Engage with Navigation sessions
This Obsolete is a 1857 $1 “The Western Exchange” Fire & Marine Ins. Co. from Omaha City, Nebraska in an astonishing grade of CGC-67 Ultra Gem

☆ ☆ ☆

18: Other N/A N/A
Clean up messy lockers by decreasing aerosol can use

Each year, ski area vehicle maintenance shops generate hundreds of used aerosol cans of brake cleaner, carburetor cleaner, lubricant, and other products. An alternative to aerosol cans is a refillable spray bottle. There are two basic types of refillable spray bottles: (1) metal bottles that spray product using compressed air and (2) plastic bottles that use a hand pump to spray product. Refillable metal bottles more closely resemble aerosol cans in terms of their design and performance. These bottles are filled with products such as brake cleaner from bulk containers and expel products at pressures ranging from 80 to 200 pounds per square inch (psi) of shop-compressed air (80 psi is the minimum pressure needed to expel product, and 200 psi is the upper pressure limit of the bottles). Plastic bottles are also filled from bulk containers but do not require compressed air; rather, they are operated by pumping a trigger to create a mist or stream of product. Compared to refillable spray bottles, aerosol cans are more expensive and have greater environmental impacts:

☆ ☆ ☆

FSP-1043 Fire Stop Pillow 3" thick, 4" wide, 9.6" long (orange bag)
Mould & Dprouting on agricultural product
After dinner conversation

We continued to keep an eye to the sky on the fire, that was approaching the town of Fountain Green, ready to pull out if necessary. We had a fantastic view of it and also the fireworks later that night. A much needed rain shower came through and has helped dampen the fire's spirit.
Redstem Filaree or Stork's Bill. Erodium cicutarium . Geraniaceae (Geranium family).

☆ ☆ ☆

_What you need to do_. Copy the lines of the entries above that mention "needed".

_Answer to the exercise_.
Each year, ski area vehicle maintenance shops generate hundreds of used aerosol cans of brake cleaner, carburetor cleaner, lubricant, and other products. An alternative to aerosol cans is a refillable spray bottle. There are two basic types of refillable spray bottles: (1) metal bottles that spray product using compressed air and (2) plastic bottles that use a hand pump to spray product. Refillable metal bottles more closely resemble aerosol cans in terms of their design and performance. These bottles are filled with products such as brake cleaner from bulk containers and expel products at pressures ranging from 80 to 200 pounds per square inch (psi) of shop-compressed air (80 psi is the minimum pressure needed to expel product, and 200 psi is the upper pressure limit of the bottles). Plastic bottles are also filled from bulk containers but do not require compressed air; rather, they are operated by pumping a trigger to create a mist or stream of product. Compared to refillable spray bottles, aerosol cans are more expensive and have greater environmental impacts:
We continued to keep an eye to the sky on the fire, that was approaching the town of Fountain Green, ready to pull out if necessary. We had a fantastic view of it and also the fireworks later that night. A much needed rain shower came through and has helped dampen the fire's spirit.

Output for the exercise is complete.